Exercise goal
A word-for-word copy of the following listing is needed. Leave out its images.

START Recorded information

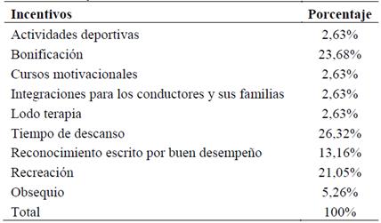 Tabla 4: Incentivos para motivar a los conductores a realizar conductas seguras durante su trabajo
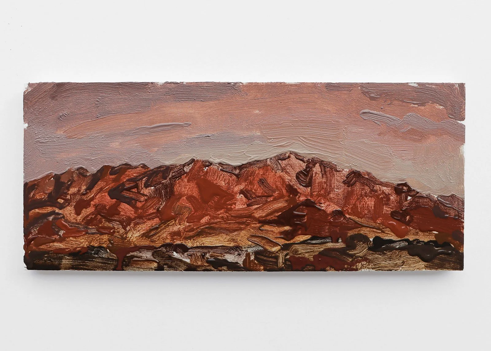 Mojave Mountains, 2025, handmade earth pigments and oil on panel, 5.5 x 13 inches
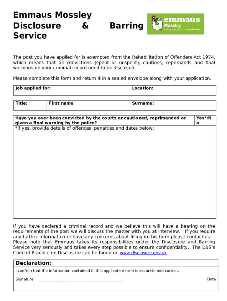 What is Emmaus Mossley Disclosure & Barring Service - emmaus org Form?
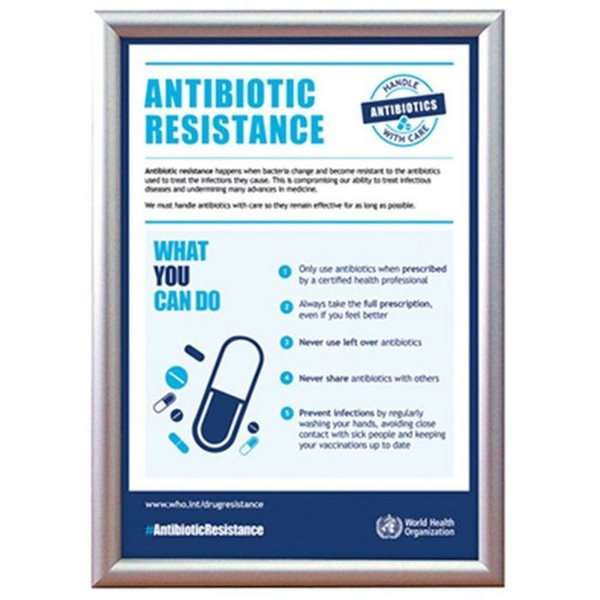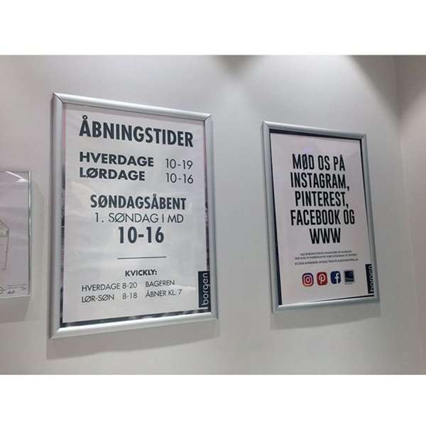 Sølveloxeret aluramme med hjørner i gering. Hvid PS bagplade samt APET antirefleks frontplade. Inkl. skruer og plugs til montering. Pakket med 5 stk. pr. karton.

END Recorded information

Answer to this task
 Tabla 4: Incentivos para motivar a los conductores a realizar conductas seguras durante su trabajo
 Mojave Mountains, 2025, handmade earth pigments and oil on panel, 5.5 x 13 inches
 What is Emmaus Mossley Disclosure & Barring Service - emmaus org Form?
 Sølveloxeret aluramme med hjørner i gering. Hvid PS bagplade samt APET antirefleks frontplade. Inkl. skruer og plugs til montering. Pakket med 5 stk. pr. karton.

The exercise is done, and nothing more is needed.